Nucleotide Repetition Lengths
code clojure
Sunday, November 3, 2013
After a long hiatus, let’s continue our foray into amateur genomics with Clojure, in which we continue to encounter elegant expressions of Clojure’s power as well as a few additional wrinkles in the Clojure ecosystem (in this case, Incanter).
In our last post we upgraded our genome decoder and used it to show frequencies of the four nucleotides, illustrating Chargaff’s Rule.
Another simple question to be asked of the data is, What is the
distribution of nucleotide repetition lengths? In other words, if we
represent the number of times any nucleotide is repeated as a
histogram, then AAGGCATTTT
would yield two entries for 1, two entries
for 2, zero for 3, and one for 4. What does this distribution look
like for the entire human or yeast genome?
As a “null hypothesis”, consider the likelihood of getting \(N\) A’s when drawing at random from A, G, C or T. The probability for the first selection to be A is 25%; for the first two draws to be AA the probability is \(P(AA) = {1 \over {4^2}} = 0.625\), and for \(N\) consecutive draws, \(P(A \times N) = 4^{-N}\).

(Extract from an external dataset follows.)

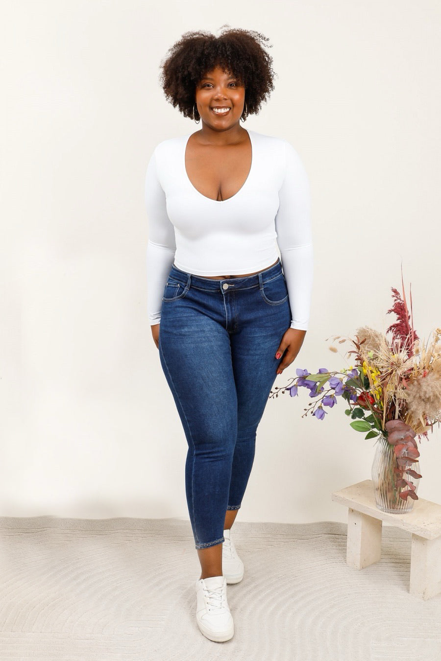 Die dunkelblaue Waschung vermittelt einen zeitlosen Eindruck und macht die Jeans sowohl zu hellen als auch zu dunklen Kleidungsstücken gut kombinierbar. Kombinieren Sie sie mit einem schlichten Oberteil für einen lässigen Look oder mit einer Bluse und High Heels, wenn Sie ein eleganteres Outfit kreieren möchten. Eine perfekte Wahl für alle, die Jeans wollen, die auffallen – ohne zu viel zu sein.

You can easily simulate (“Monto Carlo”) such a situation using a purely random sequence:
(defn randgenome [] (repeatedly #(rand-nth [:A :G :C :T])))
This function yields a sequence like (:A :A :C :A :T :G :G :T :G :A :C :C ...)
.
To convert this into repetition lengths, we can first divide the
sequence up into repeating elements using partition-by
and the
identity
function:
(partition-by identity (randgenome)) ;;=> ((:A :A) (:C) (:A) (:T) (:G :G) (:T) (:G) (:A) (:C :C) ...)
Extracting the lengths is then trivial: just map count
over the
sequences:
(defn get-lengths [s] (->> s (partition-by identity) (map count))) (get-lengths (randgenome)) ;;=> (2 1 1 1 2 1 1 1 2 ...)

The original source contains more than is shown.